**YOUR TASK**
If a line in the listing contains "Pink", copy it out whole.

----------

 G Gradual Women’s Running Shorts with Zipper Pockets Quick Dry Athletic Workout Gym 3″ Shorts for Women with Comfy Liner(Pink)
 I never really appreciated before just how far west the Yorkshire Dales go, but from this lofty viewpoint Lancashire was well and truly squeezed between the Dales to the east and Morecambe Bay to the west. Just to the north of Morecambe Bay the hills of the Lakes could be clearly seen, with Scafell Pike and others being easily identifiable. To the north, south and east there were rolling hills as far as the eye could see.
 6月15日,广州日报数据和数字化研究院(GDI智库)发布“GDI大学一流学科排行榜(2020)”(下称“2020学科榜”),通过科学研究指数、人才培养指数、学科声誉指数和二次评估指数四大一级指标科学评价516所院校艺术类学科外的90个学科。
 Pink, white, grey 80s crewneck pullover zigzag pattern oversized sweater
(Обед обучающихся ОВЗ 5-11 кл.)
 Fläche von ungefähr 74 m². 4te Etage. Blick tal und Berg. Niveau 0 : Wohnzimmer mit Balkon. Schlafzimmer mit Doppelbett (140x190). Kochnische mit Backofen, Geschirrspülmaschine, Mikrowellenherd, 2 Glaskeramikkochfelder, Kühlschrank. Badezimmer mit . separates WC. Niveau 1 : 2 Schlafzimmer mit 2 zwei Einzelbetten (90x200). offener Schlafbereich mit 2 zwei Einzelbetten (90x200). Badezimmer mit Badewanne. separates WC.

----------

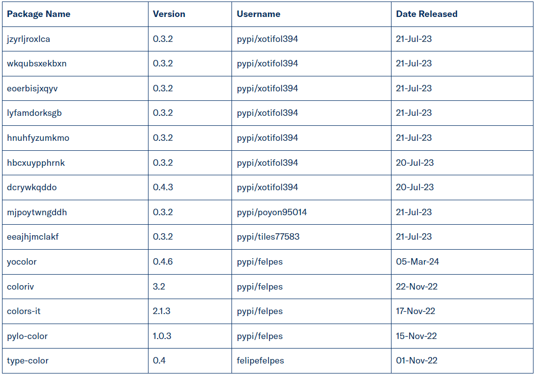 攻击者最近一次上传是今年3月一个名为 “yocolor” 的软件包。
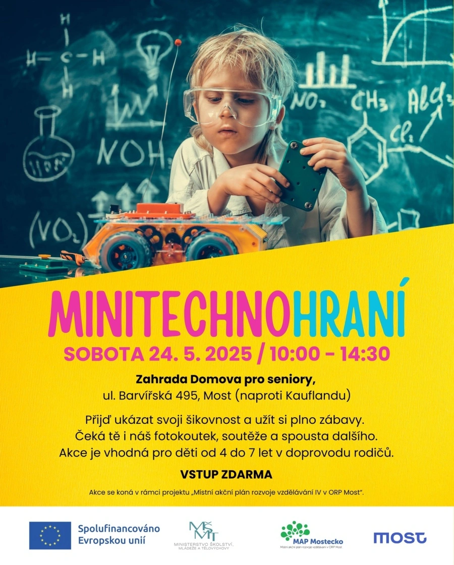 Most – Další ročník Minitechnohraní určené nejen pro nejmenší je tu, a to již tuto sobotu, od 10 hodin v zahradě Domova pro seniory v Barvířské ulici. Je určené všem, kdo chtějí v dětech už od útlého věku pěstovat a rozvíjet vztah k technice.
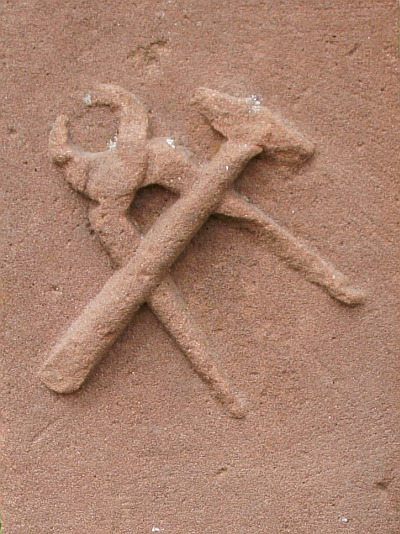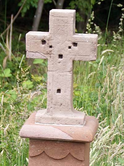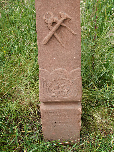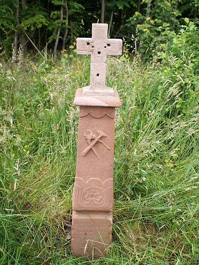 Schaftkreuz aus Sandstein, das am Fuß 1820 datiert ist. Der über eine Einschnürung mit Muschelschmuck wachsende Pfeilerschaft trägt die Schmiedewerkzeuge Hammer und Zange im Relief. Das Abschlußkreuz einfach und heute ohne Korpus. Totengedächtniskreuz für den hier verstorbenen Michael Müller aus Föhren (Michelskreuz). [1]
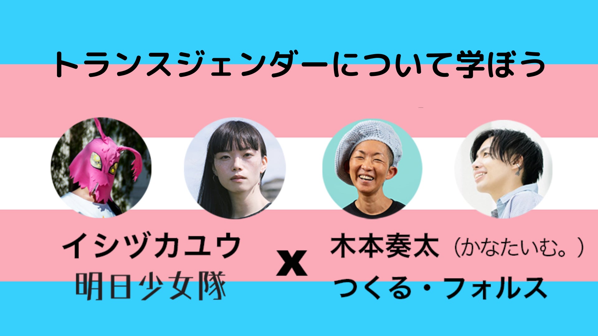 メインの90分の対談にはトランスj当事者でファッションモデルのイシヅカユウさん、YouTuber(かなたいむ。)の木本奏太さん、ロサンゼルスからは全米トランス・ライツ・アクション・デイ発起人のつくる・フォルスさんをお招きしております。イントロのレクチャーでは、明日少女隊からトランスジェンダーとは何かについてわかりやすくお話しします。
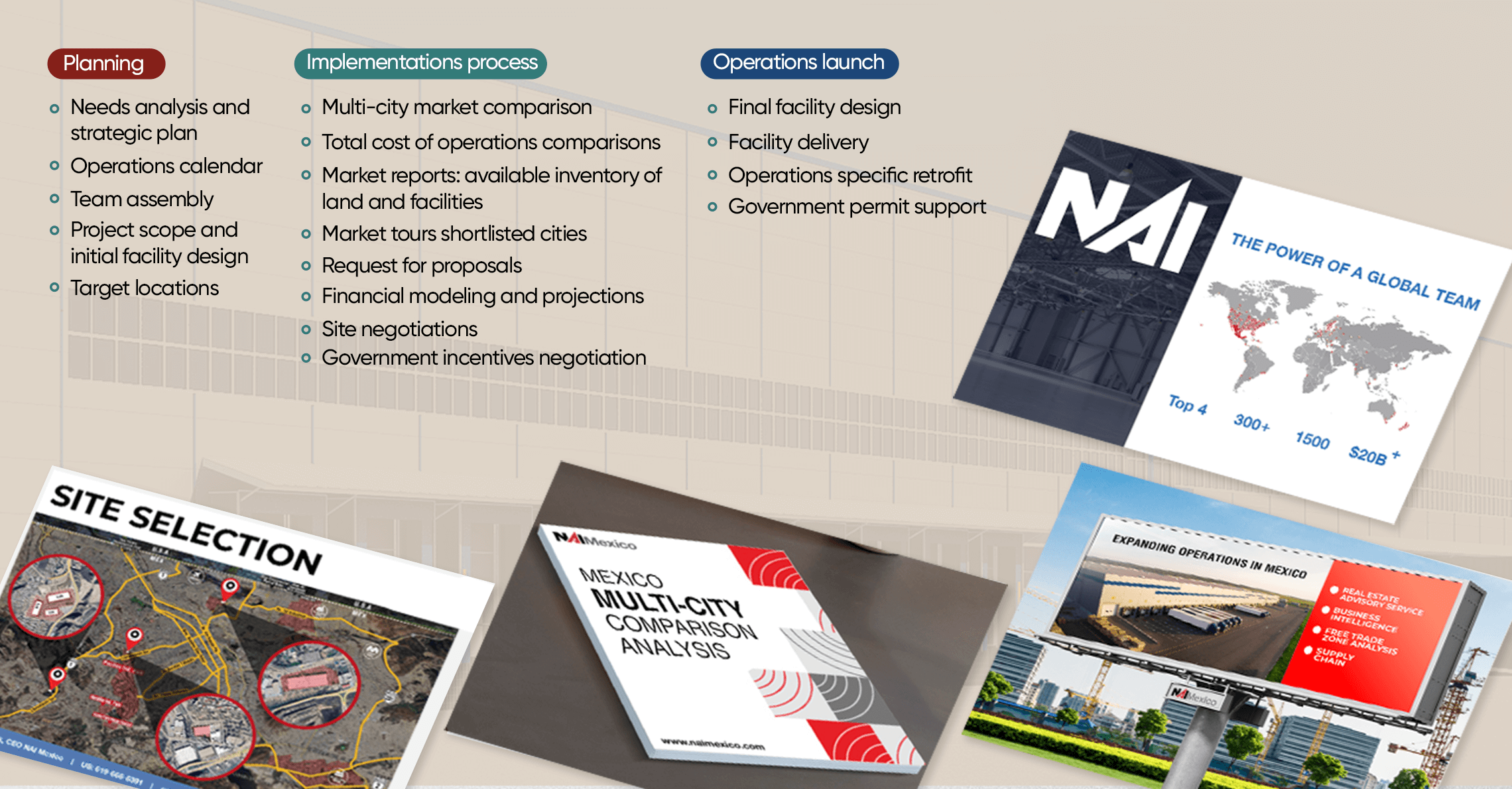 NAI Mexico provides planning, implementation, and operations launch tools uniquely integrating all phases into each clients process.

----------

**FINISHED TASK**
 G Gradual Women’s Running Shorts with Zipper Pockets Quick Dry Athletic Workout Gym 3″ Shorts for Women with Comfy Liner(Pink)
 Pink, white, grey 80s crewneck pullover zigzag pattern oversized sweater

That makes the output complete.